Marcos Mota (New York)
@Chuck Oh, we know about practices in African countries. Nothing short of 10s of millions of man hours of teaching and persuasion will get people to change their behavior across countries were bush meat is favored, and animals are killed for witchcraft. Just educating people about vultures' importance to the food chain and their own health would go a long way. Only one vulture can break the skin of a wildebeest, so that the weaker varieties can eat drowned gnu and clean the rivers from which people drink. What goes on in Africa doesn't make our arguments about wild meat practices in China moot. As millions of hikers will attest, co-existing with animals that carry diseases is perfectly possible, if you leave them alone.
jb (Michigan)
@Chuck I'm guessing that you intended to say "flout", not "flaunt". And yes, people flout the law in every society. The only thing that will discourage such people is a serious consequence. Rarely does the law dish up punishment with the poetry and finesse that Mother Nature brings to the party. The elephant hunted for its ivory that gores and stomps its would-be poacher into a greasy spot is a good example. I'm inclined to think that the ignorant people who traffic in the shy and utterly harmless pangolin are in for some seriously bad karma. Anyone care for a nice bowl of shark fin soup?
Harris silver (NYC)
I’m rooting for the Pangolins here. We should stop trafficking them, leave them alone and protect their habitats.

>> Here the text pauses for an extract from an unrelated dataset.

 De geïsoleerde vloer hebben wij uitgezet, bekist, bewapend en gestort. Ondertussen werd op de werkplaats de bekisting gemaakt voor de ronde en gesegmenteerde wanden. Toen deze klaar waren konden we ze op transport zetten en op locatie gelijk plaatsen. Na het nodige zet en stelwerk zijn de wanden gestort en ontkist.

Will Foster (Columbus, Ohio)
I always The Pangolin would make a good superhero
bahcom (Atherton, Ca)
We had 80K deaths from Influenza last year and likely more this year. Highly contagious and preventable. No sense of urgency here and some refuse to vaccinate their children. Chinese eating habits came from not too long ago when perpetual famine gripped the land. They ate what could find or forage. Using animal parts as medicine is practiced all over the world by faith healers, voodoo and witch doctors. Right now, instead of bashing the Chinese, let's just help to find the cure and make a vaccine. People in glass houses, shouldn't throw stones.
Doug (Chicago)
@bahcom Flu isn't contracted form eating wild endangered animals into extinction for no proven medical benefits. Also the Coronavirus is proving to be more contagious and lethal than the flu.
Martha (Northfield, MA)
@bahcom, the fact is that the booming Chinese middle and upper classes and their appetite for exotic foods and traditional "remedies" using animal parts (like pangolin scales, rhino horns and ivory) have decimated wildlife. The consumption of meat is also rising rapidly in China. Maybe it's time that more people there embrace the many benefits of vegetarianism.

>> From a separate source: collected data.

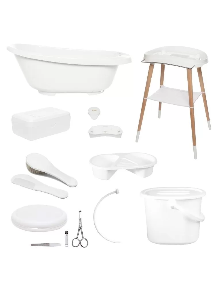 Sada obsahuje: digitální vaničku Sense Edition a luxusní stojan z lakovaného buku, kyblík na plenky, sadu na manikúru, hřeben a kartáč, misku na mytí, box na vlhčené ubrousky a vypouštěcí hadici. Zkrátka vaše kompletní vybavení pro péči a koupání!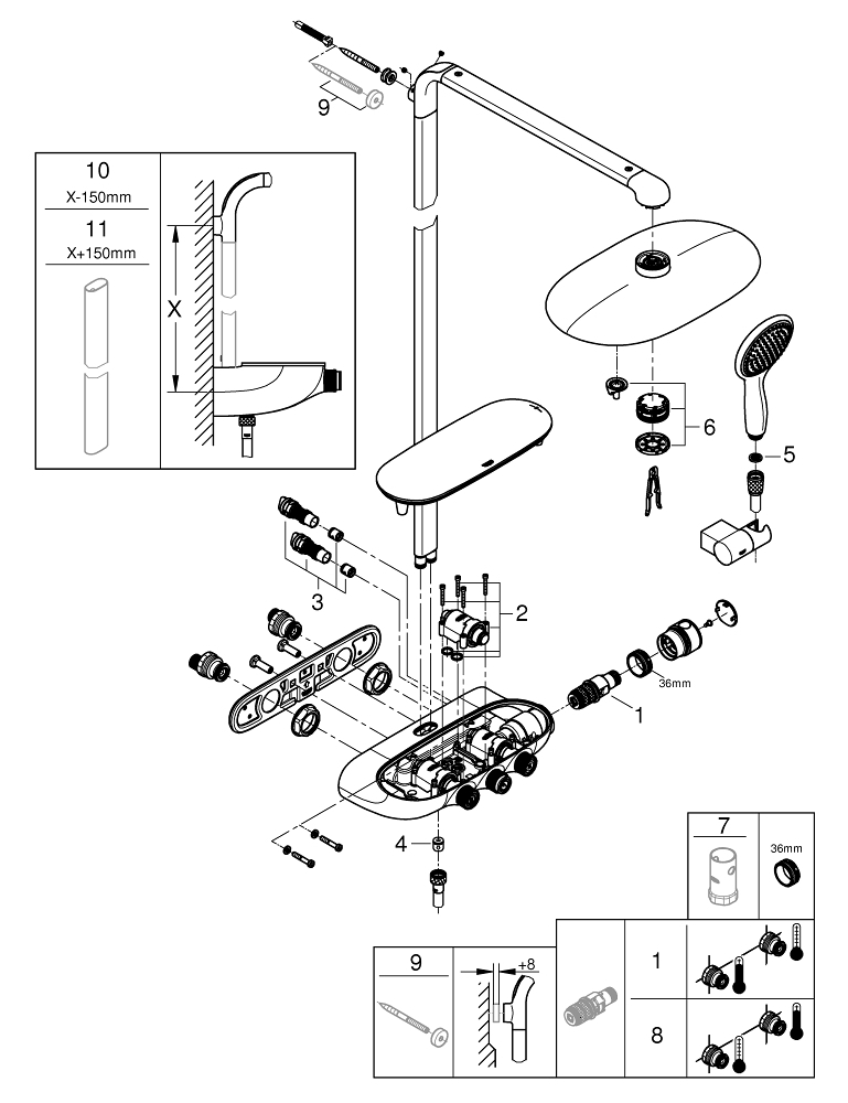 - Ensemble de douche de pluie apparent GROHE Rainshower SmartControl complet avec pomme de douche 36 cm et douchette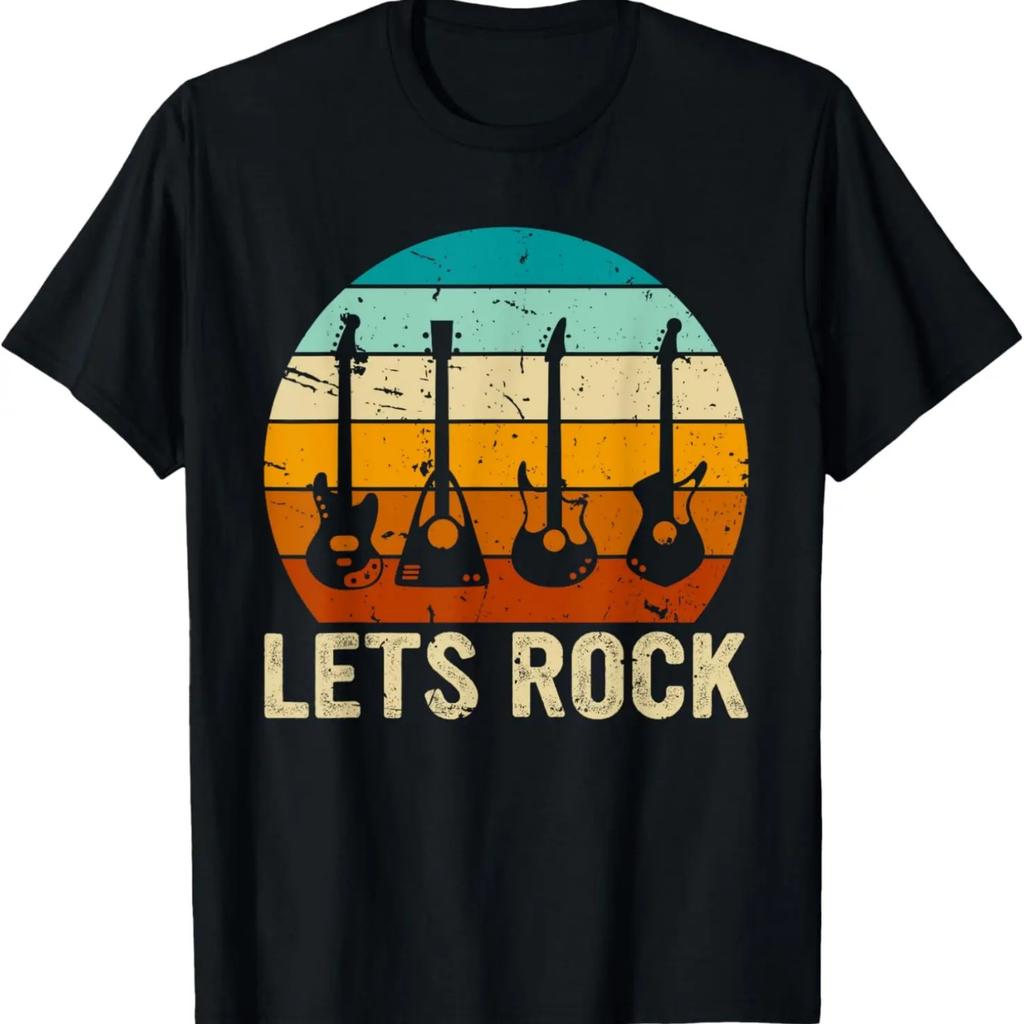 Vintage Retro Lets Rock Rock and Roll Guitar Music T-Shirt

jennifer t. schultz (Buffalo, NY)
@Doug not true since world wide there are many more deaths from the flu not the virus currently wrecking havoc.
Joan (Longmont)
I sincerely hope the coronavirus puts to end the trafficking of endangered species and wildlife. It’s so upsetting. And I hope it puts out of business all these cruise ships Who so disgustingly disrespect habitats in the ocean by basically dumping human filth wherever they please and then coming up to port and destroying port cities culture
AutumnLeaf (Manhattan)
Eats an endangered species, ends up with a pandemic. Can you spell karma?
Solange Gillette (Denver)
@AutumnLeaf You read my mind! Exactly. And how many pangolins do people have to kill to accrue 4 tons of scales? Geez. We will certainly be celebrating World Pangolin Day!
Coyoty (Hartford, CT)
@Solange Gillette That's this Saturday, February 15.
Ann Korach (Chicago)
@Solange Gillette If there are any pangolins left.

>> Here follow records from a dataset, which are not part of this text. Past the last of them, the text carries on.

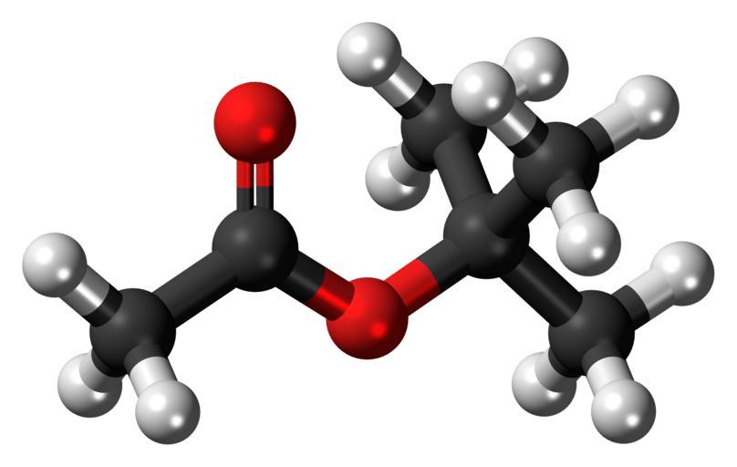 Keywords: Tert-Butyl acetate 3D ball.png Ball-and-stick model of the tert-butyl acetate molecule the ester of tert-butanol and acetic acid Colour code 505050 Carbon C black<br> F0F0F0 Hydrogen H white<br> F51E1E Oxygen O red<br> 2011-06-13 own DS Visualizer Jynto talk Space-filling version cc-zero tert-butyl acetate Images by Jynto |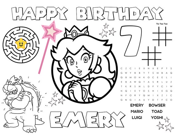 Princess Peach Super Mario Party Coloring Activity Sheet Etsy België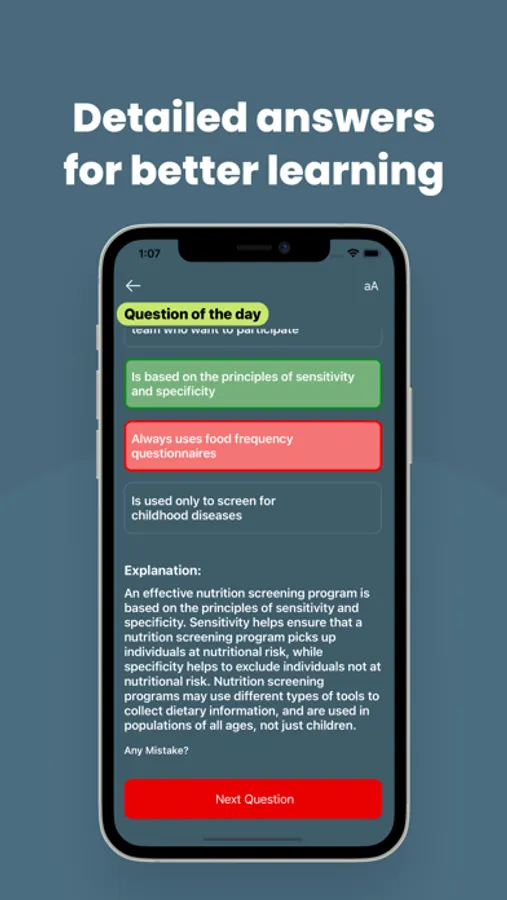 Our app features a wide range of practice questions that cover all the key concepts and topics covered on the RD exam. Each practice question includes detailed explanations to help you understand the reasoning behind the correct answer. We've also included flashcards to help you memorize important information and key terms.

John Wallis (drinking coffee)
Well don't eat them then
Morgan (Calgary, Alberta, Canada)
Meanwhile back in Canada, a oil sands project is said to be desperately necessary. This project lies 30 km south of the Wood Bison National Park which has 4 different migratory bird flyways. One of the birds that utilize Wood Bison is the last remaining wild population of whooping cranes. This oil sands project which will include tailing ponds will lie right in the middle of these migratory path. The incredible toll that humans are taking on the species that share this planet with - including trees and other vegetation - is unconscionable.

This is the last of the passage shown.